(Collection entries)

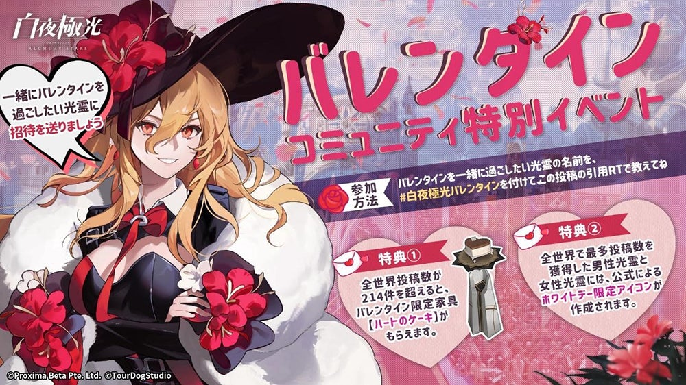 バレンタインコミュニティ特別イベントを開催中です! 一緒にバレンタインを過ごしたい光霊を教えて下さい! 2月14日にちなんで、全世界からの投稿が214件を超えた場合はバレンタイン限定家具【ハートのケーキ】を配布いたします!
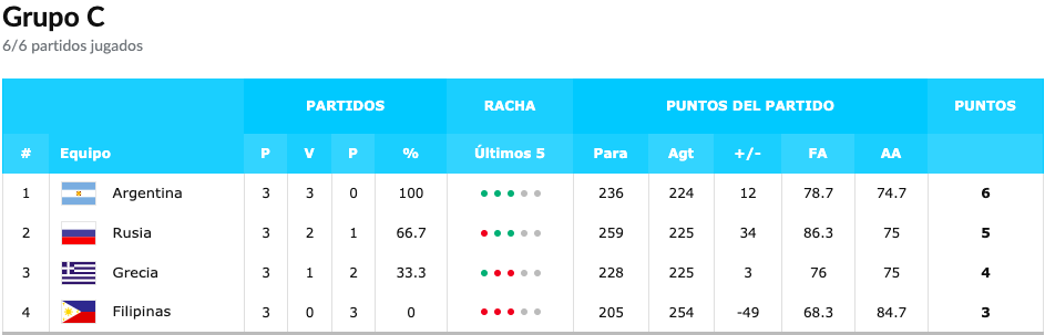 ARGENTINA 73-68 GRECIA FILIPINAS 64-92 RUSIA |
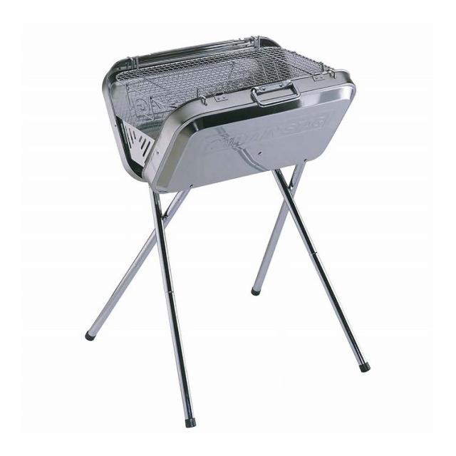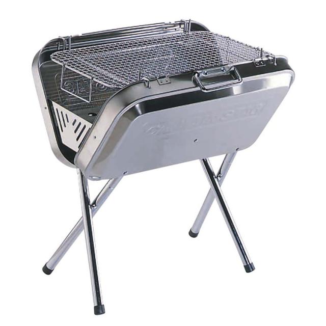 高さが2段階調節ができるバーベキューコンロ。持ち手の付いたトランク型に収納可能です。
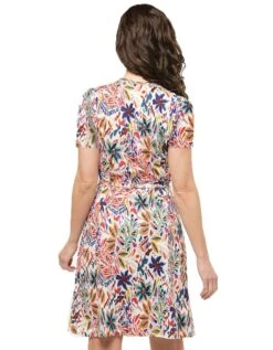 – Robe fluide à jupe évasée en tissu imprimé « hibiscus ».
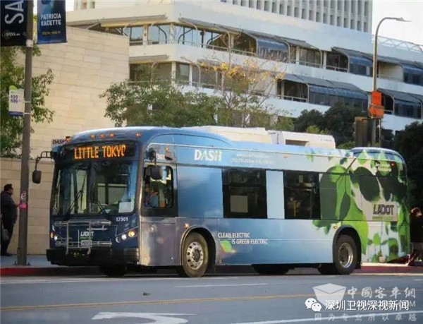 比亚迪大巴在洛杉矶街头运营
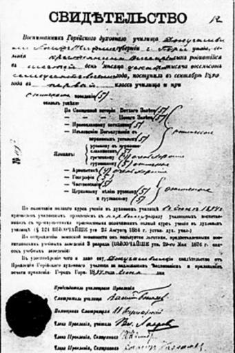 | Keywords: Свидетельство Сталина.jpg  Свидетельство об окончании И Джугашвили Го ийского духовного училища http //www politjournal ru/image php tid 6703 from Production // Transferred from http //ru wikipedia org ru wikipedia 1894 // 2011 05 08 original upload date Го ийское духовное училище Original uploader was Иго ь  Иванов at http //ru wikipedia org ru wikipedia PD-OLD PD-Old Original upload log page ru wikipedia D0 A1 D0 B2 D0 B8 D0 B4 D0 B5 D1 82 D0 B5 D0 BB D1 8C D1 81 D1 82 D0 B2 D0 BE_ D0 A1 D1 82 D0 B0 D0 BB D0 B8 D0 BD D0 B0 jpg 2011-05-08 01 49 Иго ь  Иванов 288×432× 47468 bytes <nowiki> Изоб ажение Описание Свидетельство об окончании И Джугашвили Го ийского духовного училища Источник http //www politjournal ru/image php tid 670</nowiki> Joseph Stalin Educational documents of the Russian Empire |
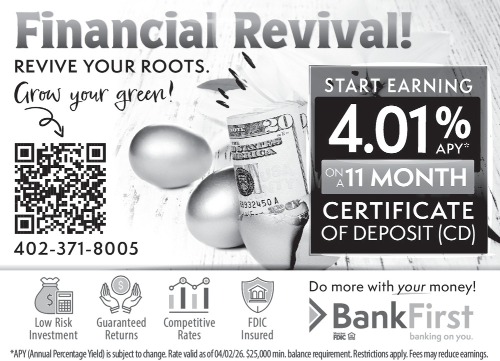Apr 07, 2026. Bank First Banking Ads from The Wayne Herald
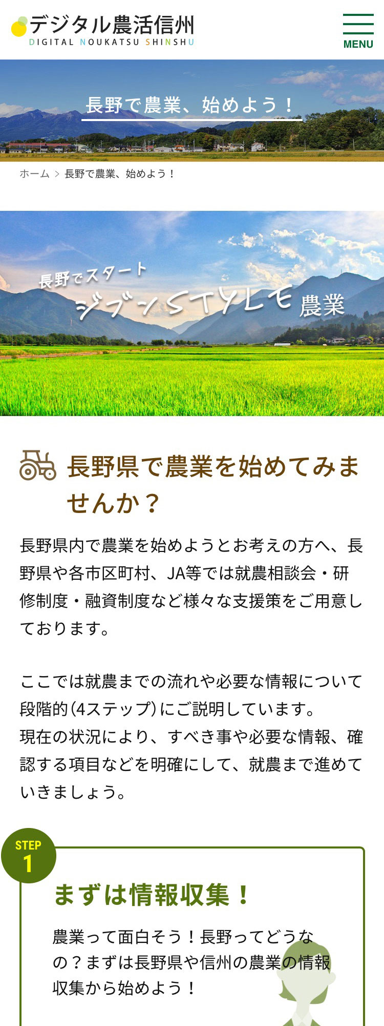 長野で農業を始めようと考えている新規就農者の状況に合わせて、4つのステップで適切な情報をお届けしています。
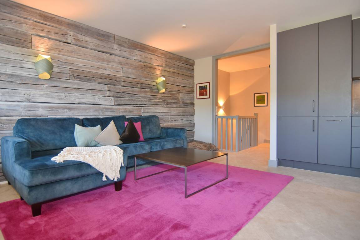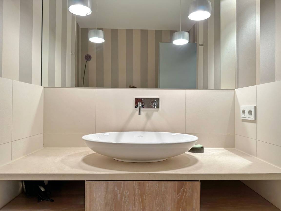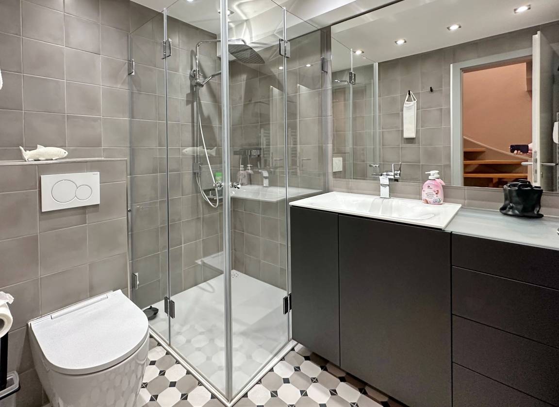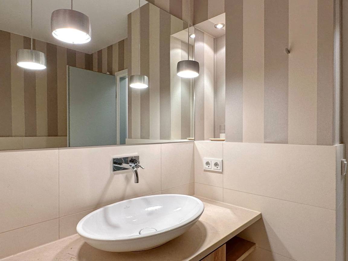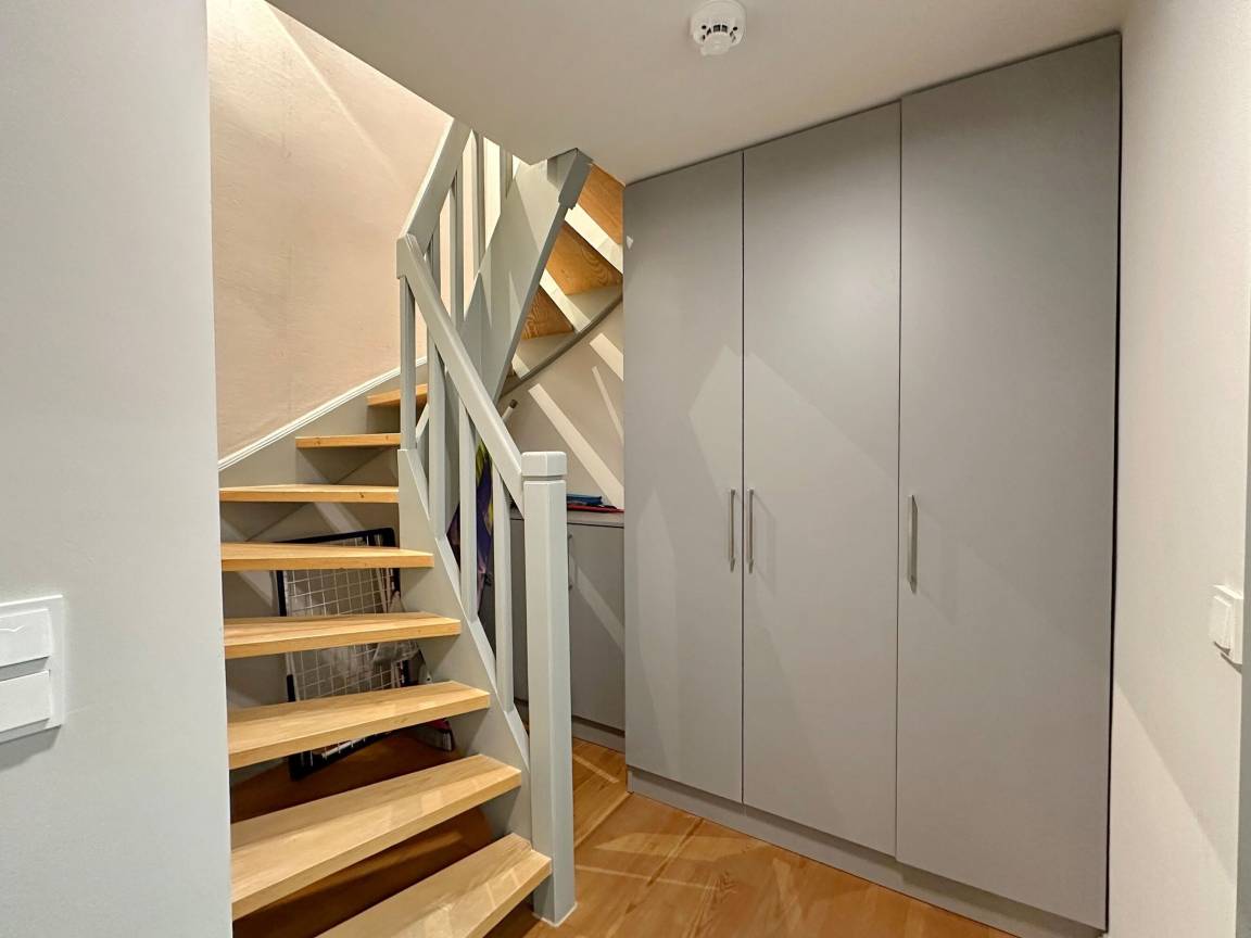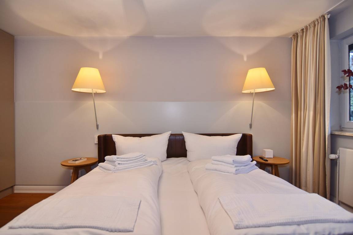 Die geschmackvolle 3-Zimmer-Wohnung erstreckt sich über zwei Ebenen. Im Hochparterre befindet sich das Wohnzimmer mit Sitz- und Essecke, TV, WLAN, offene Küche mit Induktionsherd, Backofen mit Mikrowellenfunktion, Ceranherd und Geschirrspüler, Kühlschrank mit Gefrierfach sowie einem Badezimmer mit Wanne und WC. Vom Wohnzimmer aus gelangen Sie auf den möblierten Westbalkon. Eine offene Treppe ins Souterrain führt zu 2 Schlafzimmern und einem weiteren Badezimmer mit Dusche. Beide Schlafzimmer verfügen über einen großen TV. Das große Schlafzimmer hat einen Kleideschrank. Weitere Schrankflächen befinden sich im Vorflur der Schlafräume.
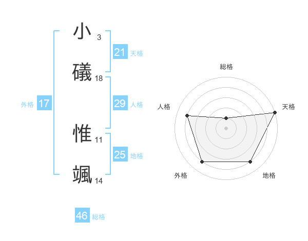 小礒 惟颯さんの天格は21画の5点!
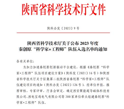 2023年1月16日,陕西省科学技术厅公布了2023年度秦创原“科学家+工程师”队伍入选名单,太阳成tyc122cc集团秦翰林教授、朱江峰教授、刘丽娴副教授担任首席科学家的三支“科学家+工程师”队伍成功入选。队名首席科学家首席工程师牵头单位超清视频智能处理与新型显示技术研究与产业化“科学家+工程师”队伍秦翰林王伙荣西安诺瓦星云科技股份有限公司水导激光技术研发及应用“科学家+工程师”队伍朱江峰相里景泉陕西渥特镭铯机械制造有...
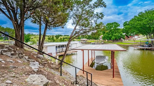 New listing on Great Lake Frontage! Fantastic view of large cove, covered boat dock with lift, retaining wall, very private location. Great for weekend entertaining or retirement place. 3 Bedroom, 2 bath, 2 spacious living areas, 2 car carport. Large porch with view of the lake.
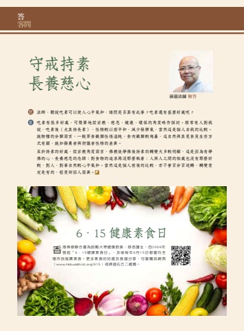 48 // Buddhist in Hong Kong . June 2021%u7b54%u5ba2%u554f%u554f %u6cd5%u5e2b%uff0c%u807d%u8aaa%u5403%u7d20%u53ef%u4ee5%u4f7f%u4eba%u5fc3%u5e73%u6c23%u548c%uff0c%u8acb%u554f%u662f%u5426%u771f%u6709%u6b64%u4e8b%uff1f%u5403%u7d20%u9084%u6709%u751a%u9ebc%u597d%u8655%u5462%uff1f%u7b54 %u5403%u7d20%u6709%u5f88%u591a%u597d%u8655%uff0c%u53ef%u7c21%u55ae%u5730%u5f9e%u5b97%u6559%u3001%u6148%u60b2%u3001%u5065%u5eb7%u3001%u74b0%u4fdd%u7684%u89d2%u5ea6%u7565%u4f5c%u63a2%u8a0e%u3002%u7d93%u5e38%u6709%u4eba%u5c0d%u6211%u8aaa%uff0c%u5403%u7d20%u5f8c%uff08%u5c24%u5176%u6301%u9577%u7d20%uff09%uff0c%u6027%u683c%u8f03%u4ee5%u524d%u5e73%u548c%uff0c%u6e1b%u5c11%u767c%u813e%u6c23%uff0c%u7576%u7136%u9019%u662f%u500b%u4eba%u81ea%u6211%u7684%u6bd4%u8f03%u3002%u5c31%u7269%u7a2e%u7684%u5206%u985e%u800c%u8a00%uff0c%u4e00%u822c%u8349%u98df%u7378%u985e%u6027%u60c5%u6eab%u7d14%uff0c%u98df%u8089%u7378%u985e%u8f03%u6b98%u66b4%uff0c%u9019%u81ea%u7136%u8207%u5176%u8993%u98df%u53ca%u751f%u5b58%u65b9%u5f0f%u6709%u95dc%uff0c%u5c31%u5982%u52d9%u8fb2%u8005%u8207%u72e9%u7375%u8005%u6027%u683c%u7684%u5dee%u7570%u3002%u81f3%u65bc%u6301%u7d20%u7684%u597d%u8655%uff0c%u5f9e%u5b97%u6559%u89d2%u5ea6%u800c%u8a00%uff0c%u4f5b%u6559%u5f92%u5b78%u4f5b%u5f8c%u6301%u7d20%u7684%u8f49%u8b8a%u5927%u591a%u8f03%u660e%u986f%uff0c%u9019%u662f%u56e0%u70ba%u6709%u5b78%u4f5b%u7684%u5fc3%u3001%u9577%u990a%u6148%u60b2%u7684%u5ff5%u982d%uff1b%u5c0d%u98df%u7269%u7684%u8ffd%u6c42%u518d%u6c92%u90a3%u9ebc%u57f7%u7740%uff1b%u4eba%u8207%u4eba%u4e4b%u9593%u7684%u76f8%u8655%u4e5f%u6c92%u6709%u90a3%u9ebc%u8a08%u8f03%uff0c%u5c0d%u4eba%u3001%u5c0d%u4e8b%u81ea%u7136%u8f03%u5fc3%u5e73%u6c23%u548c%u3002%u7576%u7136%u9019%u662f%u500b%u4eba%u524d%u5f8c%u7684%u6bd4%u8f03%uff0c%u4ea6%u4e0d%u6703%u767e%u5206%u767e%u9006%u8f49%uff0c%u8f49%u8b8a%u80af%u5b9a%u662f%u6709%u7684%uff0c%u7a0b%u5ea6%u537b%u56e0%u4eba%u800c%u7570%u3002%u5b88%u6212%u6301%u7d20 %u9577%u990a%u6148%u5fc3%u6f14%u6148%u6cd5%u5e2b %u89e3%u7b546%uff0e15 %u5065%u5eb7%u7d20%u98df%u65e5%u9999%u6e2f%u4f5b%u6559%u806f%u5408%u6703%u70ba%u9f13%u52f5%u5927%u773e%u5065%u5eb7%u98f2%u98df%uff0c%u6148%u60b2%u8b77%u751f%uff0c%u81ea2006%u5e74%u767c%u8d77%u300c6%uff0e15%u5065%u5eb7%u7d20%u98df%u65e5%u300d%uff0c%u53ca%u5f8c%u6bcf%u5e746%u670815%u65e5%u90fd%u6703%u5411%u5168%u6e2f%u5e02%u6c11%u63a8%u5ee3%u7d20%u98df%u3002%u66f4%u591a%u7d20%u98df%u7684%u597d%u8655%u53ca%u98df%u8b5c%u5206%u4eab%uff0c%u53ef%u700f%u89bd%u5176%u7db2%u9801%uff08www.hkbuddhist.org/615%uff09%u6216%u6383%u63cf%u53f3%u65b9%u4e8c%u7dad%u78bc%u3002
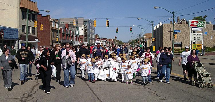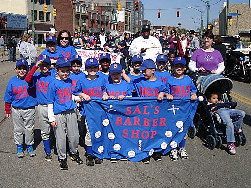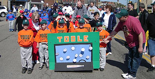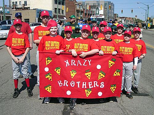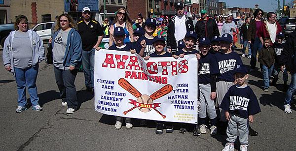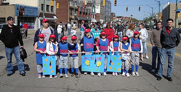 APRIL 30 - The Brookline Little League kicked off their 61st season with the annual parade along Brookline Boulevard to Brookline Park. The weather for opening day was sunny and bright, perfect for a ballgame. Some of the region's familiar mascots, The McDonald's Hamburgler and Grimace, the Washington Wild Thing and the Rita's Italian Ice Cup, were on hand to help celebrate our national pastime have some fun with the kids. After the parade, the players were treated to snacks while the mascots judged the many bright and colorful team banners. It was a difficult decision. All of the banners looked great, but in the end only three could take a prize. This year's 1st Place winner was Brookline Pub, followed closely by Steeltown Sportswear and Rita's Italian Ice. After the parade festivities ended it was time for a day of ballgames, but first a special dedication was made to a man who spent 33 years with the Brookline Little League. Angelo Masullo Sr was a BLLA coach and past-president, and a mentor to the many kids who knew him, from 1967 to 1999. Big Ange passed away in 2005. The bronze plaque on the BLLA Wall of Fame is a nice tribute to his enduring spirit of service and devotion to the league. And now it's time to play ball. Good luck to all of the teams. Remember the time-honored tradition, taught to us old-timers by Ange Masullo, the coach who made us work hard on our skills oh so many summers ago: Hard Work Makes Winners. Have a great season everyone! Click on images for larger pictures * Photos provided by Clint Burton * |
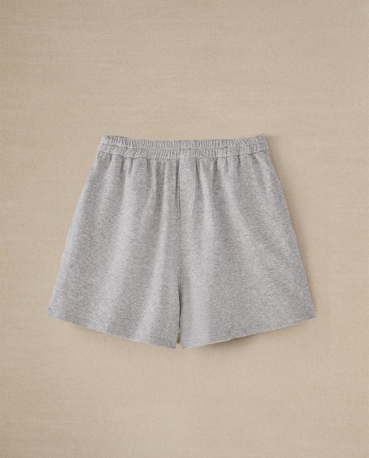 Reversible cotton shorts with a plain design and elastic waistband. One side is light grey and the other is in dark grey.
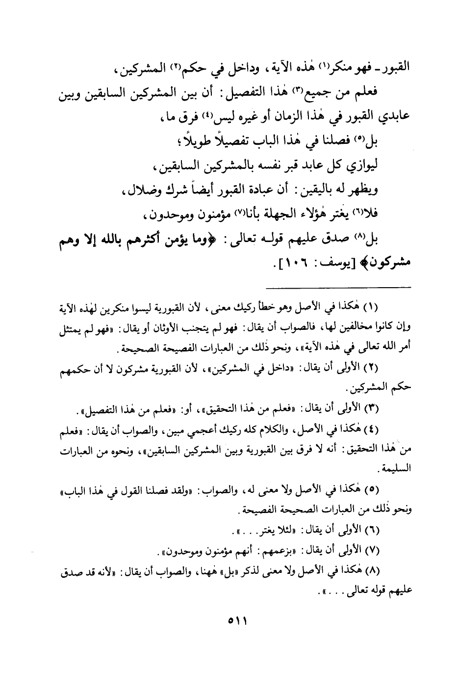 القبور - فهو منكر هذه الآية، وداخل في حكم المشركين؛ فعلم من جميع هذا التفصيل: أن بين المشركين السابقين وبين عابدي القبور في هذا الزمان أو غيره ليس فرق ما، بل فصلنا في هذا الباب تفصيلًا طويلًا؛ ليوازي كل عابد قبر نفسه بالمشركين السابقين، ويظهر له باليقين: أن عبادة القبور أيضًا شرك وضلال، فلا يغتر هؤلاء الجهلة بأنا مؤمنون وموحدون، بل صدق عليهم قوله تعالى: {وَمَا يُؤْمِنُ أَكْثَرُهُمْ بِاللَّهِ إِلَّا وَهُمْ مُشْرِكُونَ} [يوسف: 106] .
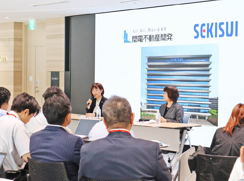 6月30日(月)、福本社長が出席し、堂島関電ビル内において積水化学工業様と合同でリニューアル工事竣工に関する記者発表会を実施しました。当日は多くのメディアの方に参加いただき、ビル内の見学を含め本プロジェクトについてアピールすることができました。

[Task goal]: No picture is to be printed. Output exactly the lines above from the line containing "Robe fluide à" through the line containing "比亚迪大巴在洛杉矶街头运营".

[Written reply]:
 – Robe fluide à jupe évasée en tissu imprimé « hibiscus ».
 比亚迪大巴在洛杉矶街头运营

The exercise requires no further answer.